In both cases, it was understood that “Palestine” simply denoted the territory where there had been, or would be, a Jewish homeland. This is why the League of Nations, in establishing the Mandate, did so to “give recognition to the historical connection of the Jewish people with Palestine,” thereby forming “the grounds for reconstituting the Jewish people’s national home in that country.” This is also why local organizations at the time freely used the word “Palestine” in connection to entirely Jewish entities: The Palestine Post, for instance, which later became The Jerusalem Post, or the Palestine Philharmonic, later the Israel Philharmonic. Football associations with players bearing names such as Kastenbaum, Friedmann, Nudelman, and Kraus, as well as coins, bore the name Palestine (but always with a mention of “Eretz Israel,” the Land of Israel).

Nor was that all. The Mandate gave Britain the option to separate the territory east of the River Jordan out of the area mandated for a Jewish home. What became Transjordan, and later Jordan, was forbidden to Jewish settlement. The remaining areas are, fantastically, now called “historic Palestine.” As Shany and I observed, “they are ‘historic’ only insofar as they lasted for barely three decades, were governed by a European superpower, and delimited as the future national home for the Jewish people.”

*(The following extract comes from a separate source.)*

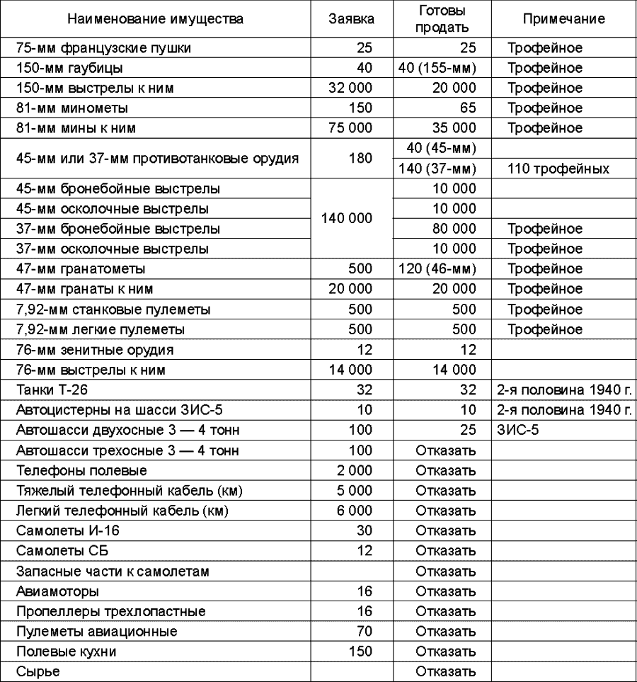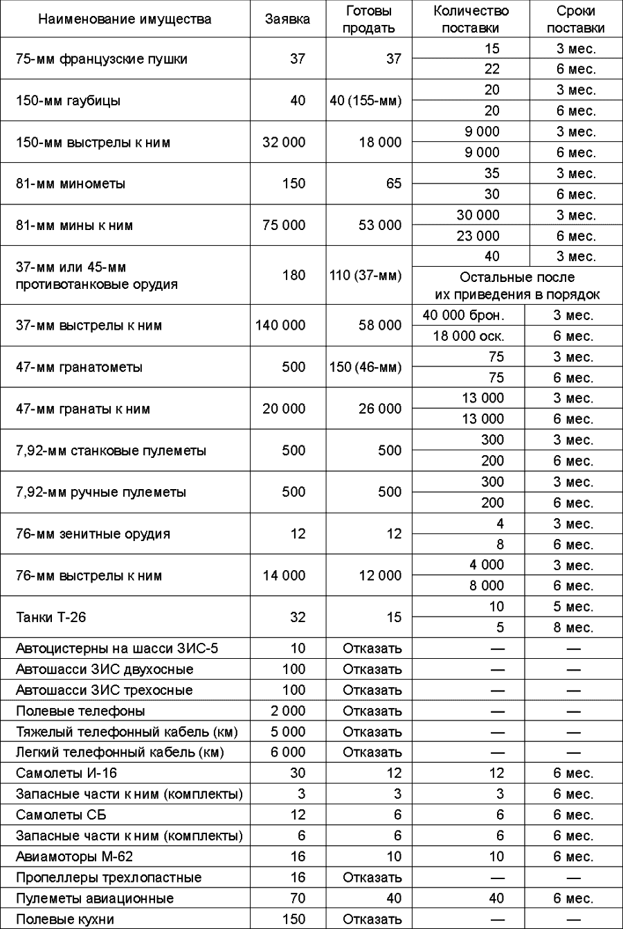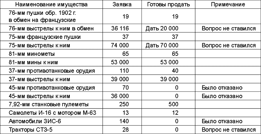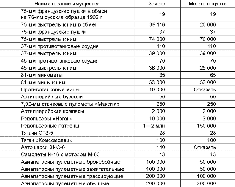 4 мая заместитель начальника Артиллерийского управления РККА дивинженер М.М. Каюков направил заместителю наркома обороны командарму 2-го ранга А.Д. Локтионову докладную записку № 370150с, которой сообщал, что артиллерийское имущество может быть отгружено по литовской заявке (см. таблицу 38) в течение трех месяцев с момента принятия решения о продаже[878].
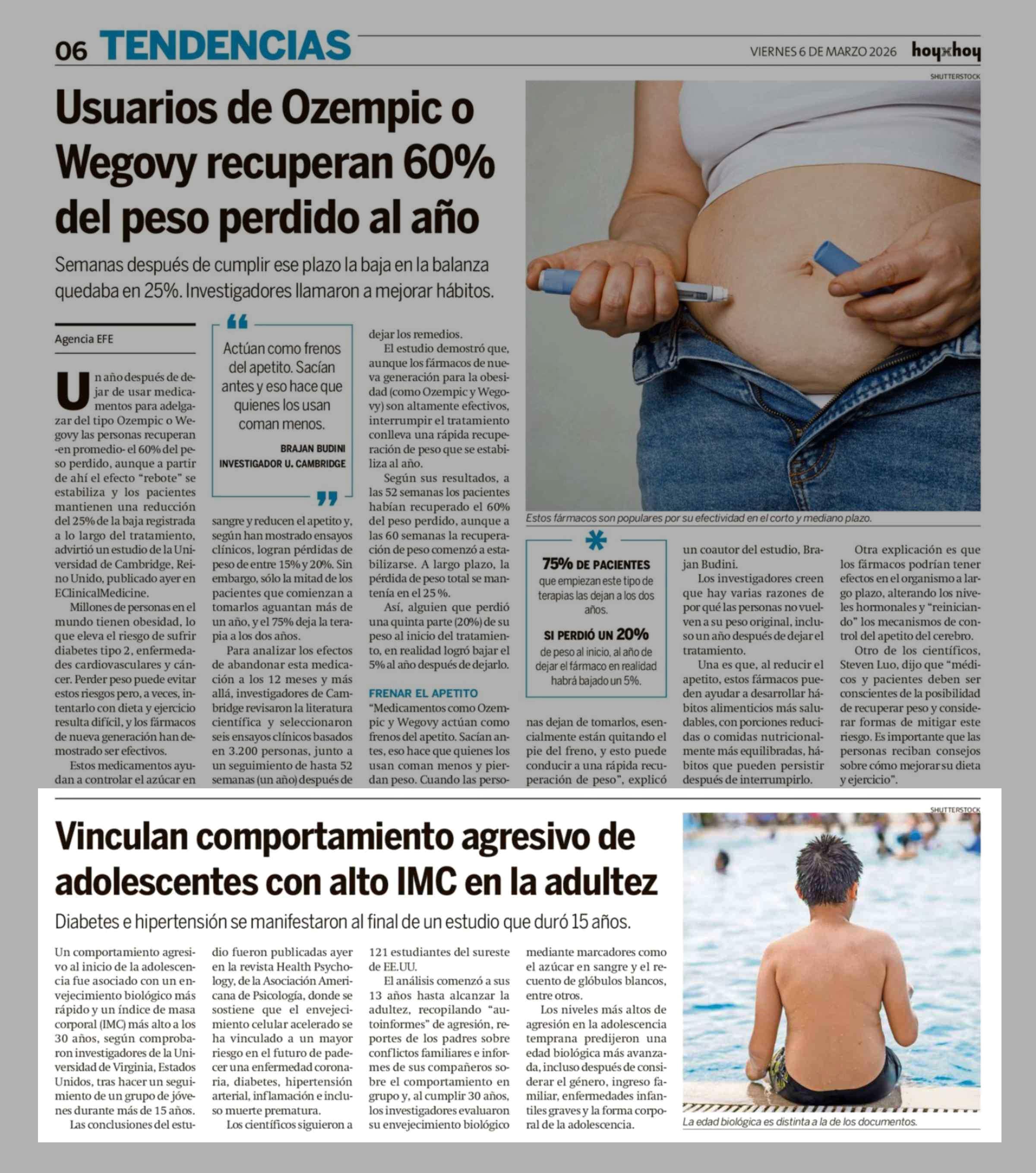 Vinculan comportamiento agresivo de adolescentes con alto IMC en la adultez 06-03-2026 Hoy x Hoy |

With independence, the Jewish people then did what every self-respecting nation that achieved independence did in the world at the same time. They shed the colonial name given to their territory (Siam, Gold Coast, Ceylon, Rhodesia, and, yes, Palestine) and replaced it with one rooted in its own culture, geography, and history: Israel.

It was only after Israel declared independence, and especially in the 1960s and ’70s, that the Arabs of the land increasingly appropriated the name Palestine to indicate an Arab identity that possesses the sole exclusive “indigenous” claim to any land controlled by sovereign Jews. In doing so, they inverted and erased two millennia of customary association of the land with the Jews and their history, thereby turning the Jews, whose continuous historical, cultural, and religious connection to the land was never previously questioned, into the “foreign interlopers” in an Arab land to which they have no connection. At the end of this process, the associated meanings of the word “Palestine,” of a history and connection of one people to one land (the Jews to Eretz Israel) were thereby transferred to those who have newly taken the name: the Arabs.